**EXTRACTED RECORDS**
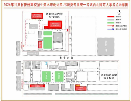 考點設在西北師范大學云亭校區(地址:蘭州市安寧區安寧東路967號)及西北師范大學知行校區(地址:蘭州市安寧區邱家灣37號)。
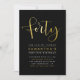 This formal, elegant, trendy, modern fortieth birthday party invitation is suitable for men or women. It features a stylish "Forty" script and simple typography on a black background. On the reverse, there is a faux gold foil art deco pattern.
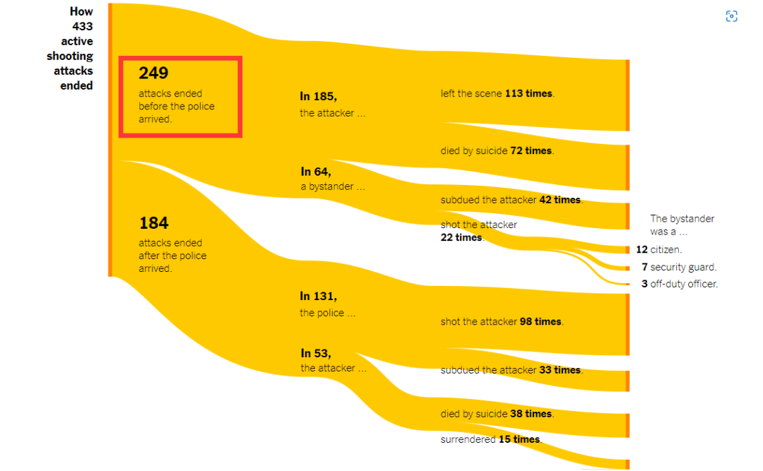 这次事件让美国民众集体破防,许多人因此彻底对警察失去了信心,但在枪击案中,警察能够发挥的作用本就很有限。《纽约时报》的一项研究发现,在美国近二十年发生的四百多起大规模枪击案中,大多数时候警察还没有赶到现场,枪击就已经结束了。
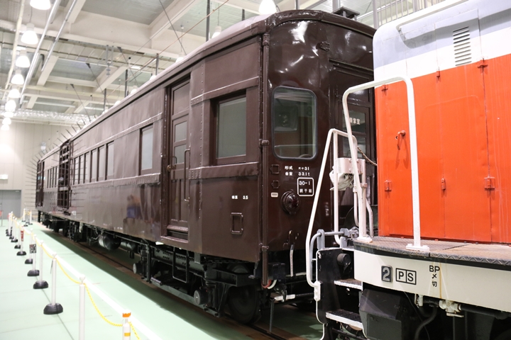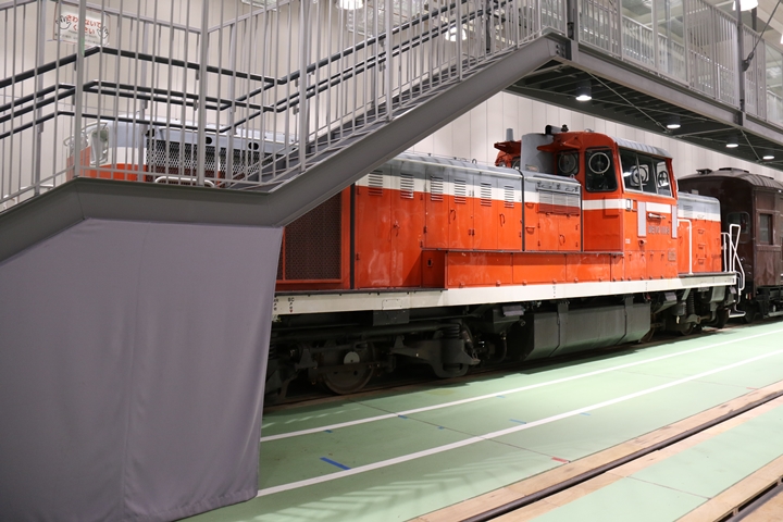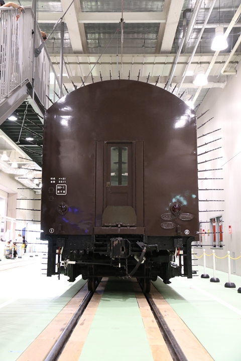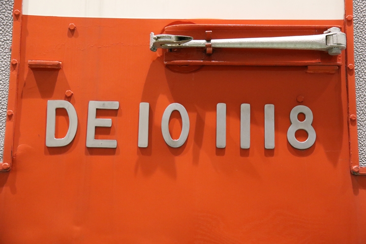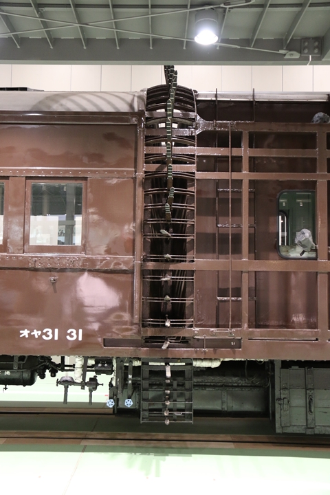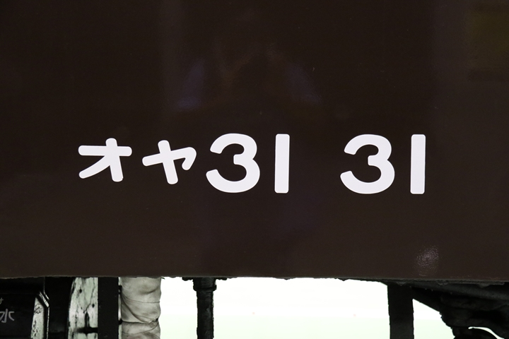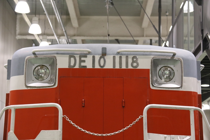 | 本年8月13日(土)に訪問した京都鉄道博物館、一番の目的は7月30日(土)から今月14日(日)まで特別展示されている「オヤ31形31号車」を撮影するため。オヤ31形31号車は昭和12年にスハフ34525として新造、2度の改造を経て建築限界測定車となりました。測定用の矢羽根がかんざしの様に見える事から「おいらん」と呼ばれています。8月12日(金)から14日(日)までの3日間はDE10-1118と連結し検測時の姿を再現しており撮影に行ってきました。DE10形ディーゼル機関車は昭和41年昭和53年にかけて708両が製造、台車の動軸を3軸+2軸の5軸とし13t級の軽軸重を実現、ボンネットの長さが前後非対称で運転室が中心にない「セミ・センターキャブ」と呼称される形態です。まずは京都方から正面を撮影。 |
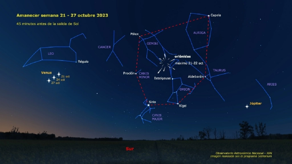 Para observadores a latitudes como las de la España peninsular, 40º norte, el radiante de las Oriónidas se sitúa por encima del horizonte desde la medianoche hasta el amanecer.
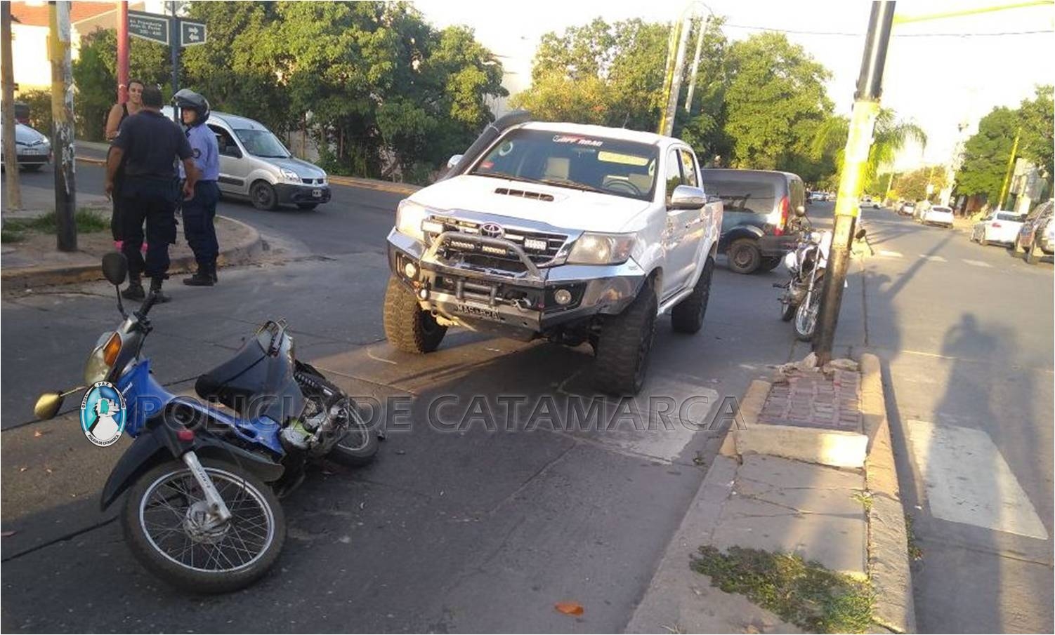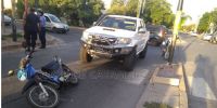 Un adolescente de 15 años circulaba en una camioneta Toyota Hilux blanca, dominio MAS-824, y por razones que se tratan de establecer, colisionó con una motocicleta Motomel DLX 110 cc., dominio 675-HWQ, de color azul, al mando de Luis Rodolfo Molas (60).
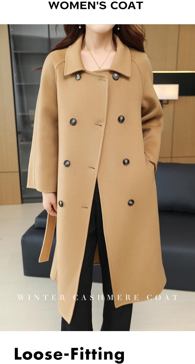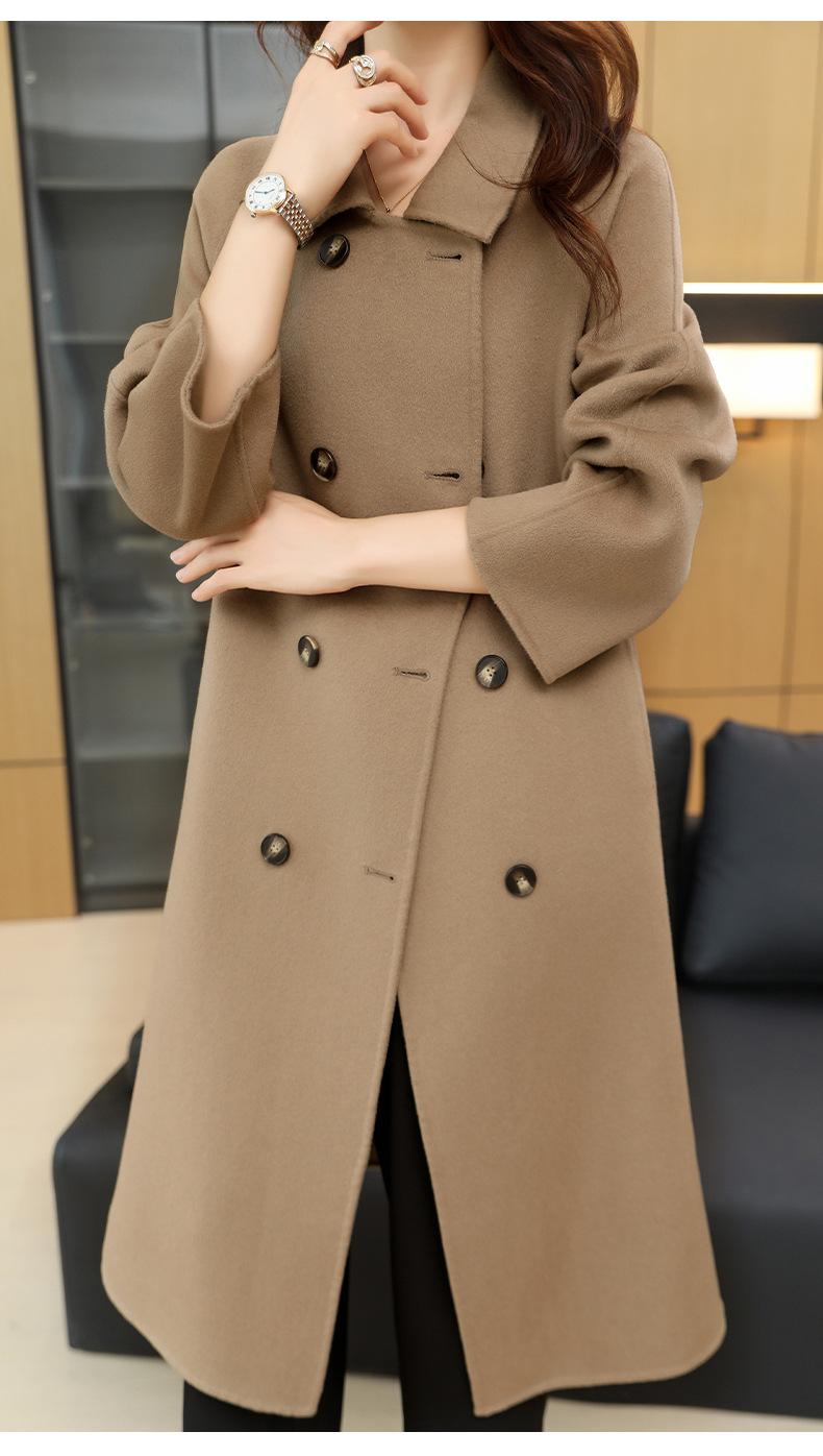 Abrigo de Lana de Doble Vista Nuevo de Otoño e Invierno para Mujer, Moda, Largo, de Doble Botonadura, Holgado, Moderno, Extranjero, Elegante, Abrigo de Lana
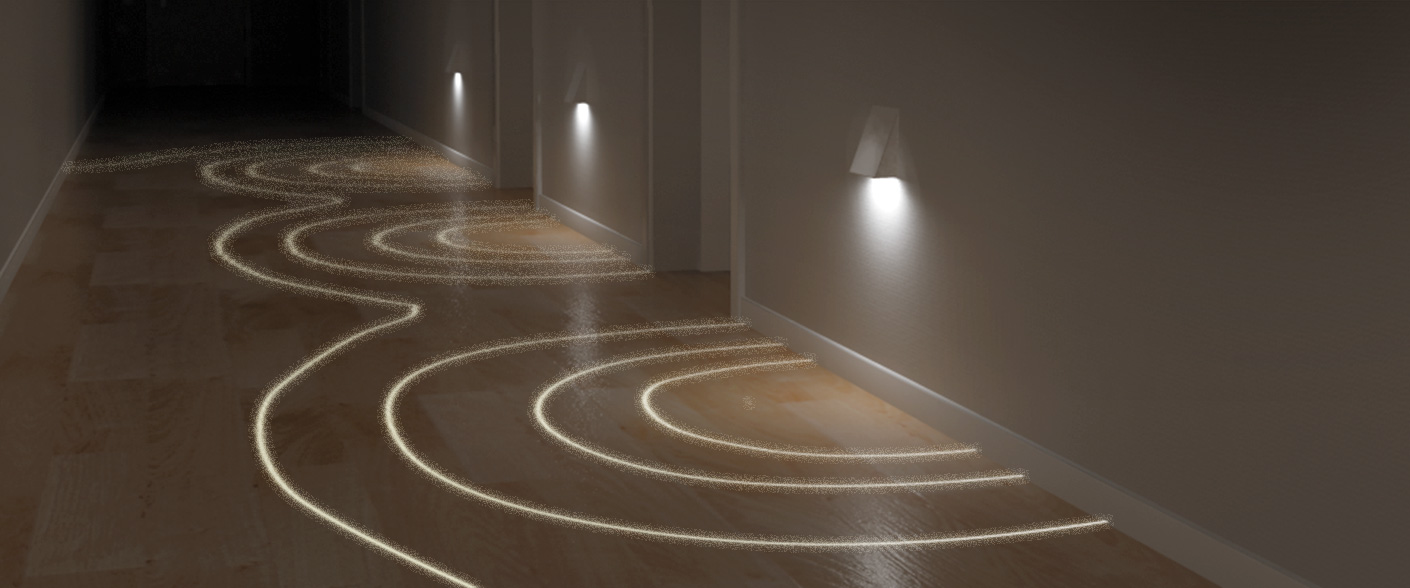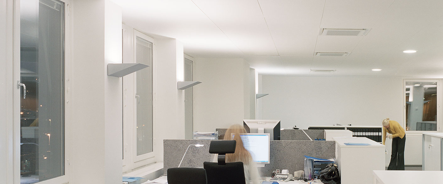 5541 Wall 5541A wall luminaire that distributes light downwards/outwards. The distinct design and the small dimensions make Wall LED a good choice for corridors.
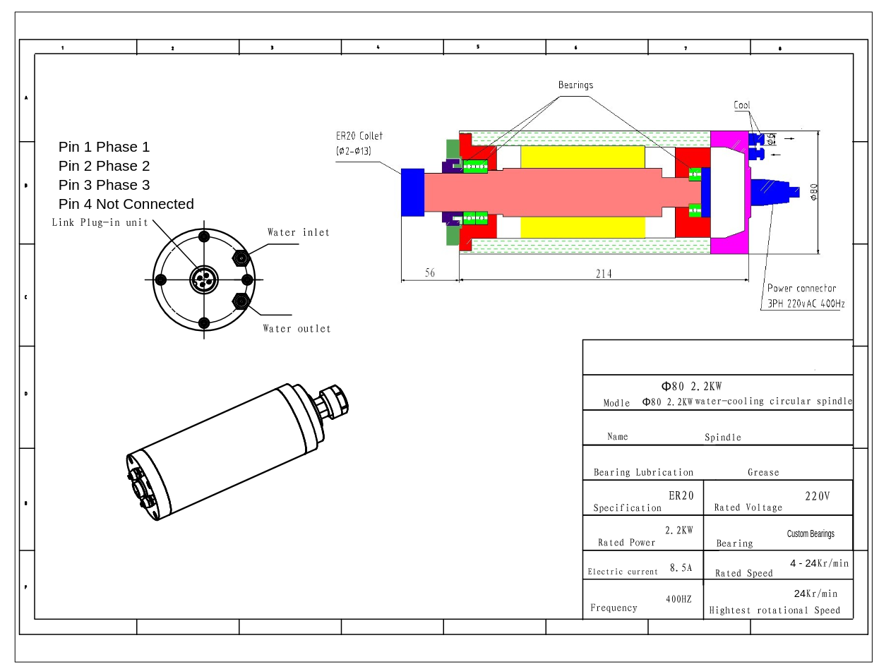 I found this drawing on https://www.cnc4you.co.uk/Spindle/Water-Cooled/Spindle-Motor-Single-phase-to-3-Phase-2.2KW-Water-cooled-ER20-with-Matching-VFD - might have been helpful:
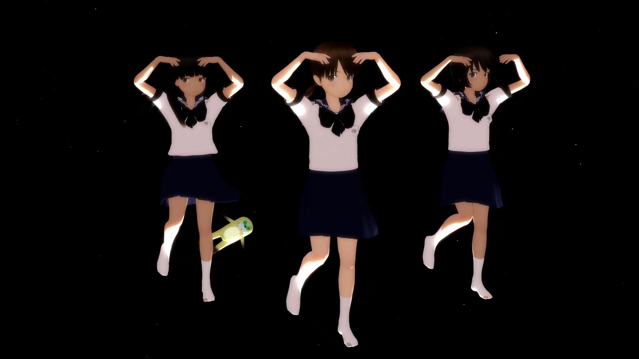 既存のモデルに既存のモーションを入れただけで、「作ってみた」というのもおこがましいですが、ご覧いただけたら幸いです。<br>お借りしたものにつきましては親作品に登録させて頂きました。唯々感謝あるのみです。<br>某アニメに影響を受けました・・・これは流行る!<br>_____________________________________________________<br><br>お借りしたもの<br>モデル:鎌倉女学院夏服モデルプロポーション修正配布 お芋様 <a href="https://www.nicovideo.jp/watch/sm42321660" class="watch">sm42321660</a><br>モデル:ムジーナ MMDモデル 時の番人様 <a href="https://3d.nicovideo.jp/works/td77950" target="_blank" rel="noopener">td77950</a><br>楽曲:キャンディーズ〜「銀河系まで飛んで行け!」 <a href="https://www.youtube.com/watch?v=ImxS7rLBLNY" target="_blank" rel="noopener nofollow">https://www.youtube.com/watch?v=ImxS7rLBLNY</a> <br>モーション元:【みうめ・メイリア・217】極楽浄土【踊っちゃってみた第4弾!!!】 MARiA[メイリア]様 <a href="https://www.nicovideo.jp/watch/sm28709238" class="watch">sm28709238</a><br>モーション:【MMD戦国BASARA】極楽浄土 モーショントレース yurie様 <a href="https://www.nicovideo.jp/watch/sm29180863" class="watch">sm29180863</a><br>モーション修正:VMDサイジングを速い・確か・安心にしてみた【ver5.01】 miu様 <a href="https://seiga.nicovideo.jp/seiga/im9755721" target="_blank" rel="noopener">im9755721</a><br>ステージ:なし<br>エフェクト:PowerShader v3.2 角砂糖様 <a href="https://www.nicovideo.jp/watch/sm32258872" class="watch">sm32258872</a><br>エフェクト:【MMD】発光エフェクト AutoLuminous 【MME】 そぼろ様 <a href="https://www.nicovideo.jp/watch/sm16087751" class="watch">sm16087751</a><br>エフェクト:空中に漂う埃エフェクト 化身バレッタ様 <a href="https://www.nicovideo.jp/watch/sm20916681" class="watch">sm20916681</a><br>_____________________________________________________<br><br>使用ツール<br>MMD 樋口優様 <a href="https://www.nicovideo.jp/watch/sm2420025" class="watch">sm2420025</a> <a href="https://www.nicovideo.jp/watch/sm2420128" class="watch">sm2420128</a><br>MME 舞力介入P様 <a href="https://www.nicovideo.jp/watch/sm12149815" class="watch">sm12149815</a><br>BowlRoll BowlRollアカウント様 <a href="https://seiga.nicovideo.jp/seiga/im4855495" target="_blank" rel="noopener">im4855495</a><br>PmxEditor 北極P様 <a href="https://www.nicovideo.jp/watch/sm20566765" class="watch">sm20566765</a><br>動画編集<br>DaVinci Resolve 20(無料版)<br><br>たま様、Limelight様、CBX250S様、PAL-BLAC[k]様、大黒屋様、お芋様、錫金銕鋼様、りゅう様、いーじす@よし様、へんぐーべん様、雪原 白銀様、heropu様、お芋様、お芋様、雪原 白銀様 広告ありがとうございます。

**TASK PROMPT**
The answer must be the full set of records, repeated exactly, with no pictures.

**ANSWER**
 考點設在西北師范大學云亭校區(地址:蘭州市安寧區安寧東路967號)及西北師范大學知行校區(地址:蘭州市安寧區邱家灣37號)。
 This formal, elegant, trendy, modern fortieth birthday party invitation is suitable for men or women. It features a stylish "Forty" script and simple typography on a black background. On the reverse, there is a faux gold foil art deco pattern.
 这次事件让美国民众集体破防,许多人因此彻底对警察失去了信心,但在枪击案中,警察能够发挥的作用本就很有限。《纽约时报》的一项研究发现,在美国近二十年发生的四百多起大规模枪击案中,大多数时候警察还没有赶到现场,枪击就已经结束了。
 | 本年8月13日(土)に訪問した京都鉄道博物館、一番の目的は7月30日(土)から今月14日(日)まで特別展示されている「オヤ31形31号車」を撮影するため。オヤ31形31号車は昭和12年にスハフ34525として新造、2度の改造を経て建築限界測定車となりました。測定用の矢羽根がかんざしの様に見える事から「おいらん」と呼ばれています。8月12日(金)から14日(日)までの3日間はDE10-1118と連結し検測時の姿を再現しており撮影に行ってきました。DE10形ディーゼル機関車は昭和41年昭和53年にかけて708両が製造、台車の動軸を3軸+2軸の5軸とし13t級の軽軸重を実現、ボンネットの長さが前後非対称で運転室が中心にない「セミ・センターキャブ」と呼称される形態です。まずは京都方から正面を撮影。 |
 Para observadores a latitudes como las de la España peninsular, 40º norte, el radiante de las Oriónidas se sitúa por encima del horizonte desde la medianoche hasta el amanecer.
 Un adolescente de 15 años circulaba en una camioneta Toyota Hilux blanca, dominio MAS-824, y por razones que se tratan de establecer, colisionó con una motocicleta Motomel DLX 110 cc., dominio 675-HWQ, de color azul, al mando de Luis Rodolfo Molas (60).
 Abrigo de Lana de Doble Vista Nuevo de Otoño e Invierno para Mujer, Moda, Largo, de Doble Botonadura, Holgado, Moderno, Extranjero, Elegante, Abrigo de Lana
 5541 Wall 5541A wall luminaire that distributes light downwards/outwards. The distinct design and the small dimensions make Wall LED a good choice for corridors.
 I found this drawing on https://www.cnc4you.co.uk/Spindle/Water-Cooled/Spindle-Motor-Single-phase-to-3-Phase-2.2KW-Water-cooled-ER20-with-Matching-VFD - might have been helpful:
 既存のモデルに既存のモーションを入れただけで、「作ってみた」というのもおこがましいですが、ご覧いただけたら幸いです。<br>お借りしたものにつきましては親作品に登録させて頂きました。唯々感謝あるのみです。<br>某アニメに影響を受けました・・・これは流行る!<br>_____________________________________________________<br><br>お借りしたもの<br>モデル:鎌倉女学院夏服モデルプロポーション修正配布 お芋様 <a href="https://www.nicovideo.jp/watch/sm42321660" class="watch">sm42321660</a><br>モデル:ムジーナ MMDモデル 時の番人様 <a href="https://3d.nicovideo.jp/works/td77950" target="_blank" rel="noopener">td77950</a><br>楽曲:キャンディーズ〜「銀河系まで飛んで行け!」 <a href="https://www.youtube.com/watch?v=ImxS7rLBLNY" target="_blank" rel="noopener nofollow">https://www.youtube.com/watch?v=ImxS7rLBLNY</a> <br>モーション元:【みうめ・メイリア・217】極楽浄土【踊っちゃってみた第4弾!!!】 MARiA[メイリア]様 <a href="https://www.nicovideo.jp/watch/sm28709238" class="watch">sm28709238</a><br>モーション:【MMD戦国BASARA】極楽浄土 モーショントレース yurie様 <a href="https://www.nicovideo.jp/watch/sm29180863" class="watch">sm29180863</a><br>モーション修正:VMDサイジングを速い・確か・安心にしてみた【ver5.01】 miu様 <a href="https://seiga.nicovideo.jp/seiga/im9755721" target="_blank" rel="noopener">im9755721</a><br>ステージ:なし<br>エフェクト:PowerShader v3.2 角砂糖様 <a href="https://www.nicovideo.jp/watch/sm32258872" class="watch">sm32258872</a><br>エフェクト:【MMD】発光エフェクト AutoLuminous 【MME】 そぼろ様 <a href="https://www.nicovideo.jp/watch/sm16087751" class="watch">sm16087751</a><br>エフェクト:空中に漂う埃エフェクト 化身バレッタ様 <a href="https://www.nicovideo.jp/watch/sm20916681" class="watch">sm20916681</a><br>_____________________________________________________<br><br>使用ツール<br>MMD 樋口優様 <a href="https://www.nicovideo.jp/watch/sm2420025" class="watch">sm2420025</a> <a href="https://www.nicovideo.jp/watch/sm2420128" class="watch">sm2420128</a><br>MME 舞力介入P様 <a href="https://www.nicovideo.jp/watch/sm12149815" class="watch">sm12149815</a><br>BowlRoll BowlRollアカウント様 <a href="https://seiga.nicovideo.jp/seiga/im4855495" target="_blank" rel="noopener">im4855495</a><br>PmxEditor 北極P様 <a href="https://www.nicovideo.jp/watch/sm20566765" class="watch">sm20566765</a><br>動画編集<br>DaVinci Resolve 20(無料版)<br><br>たま様、Limelight様、CBX250S様、PAL-BLAC[k]様、大黒屋様、お芋様、錫金銕鋼様、りゅう様、いーじす@よし様、へんぐーべん様、雪原 白銀様、heropu様、お芋様、お芋様、雪原 白銀様 広告ありがとうございます。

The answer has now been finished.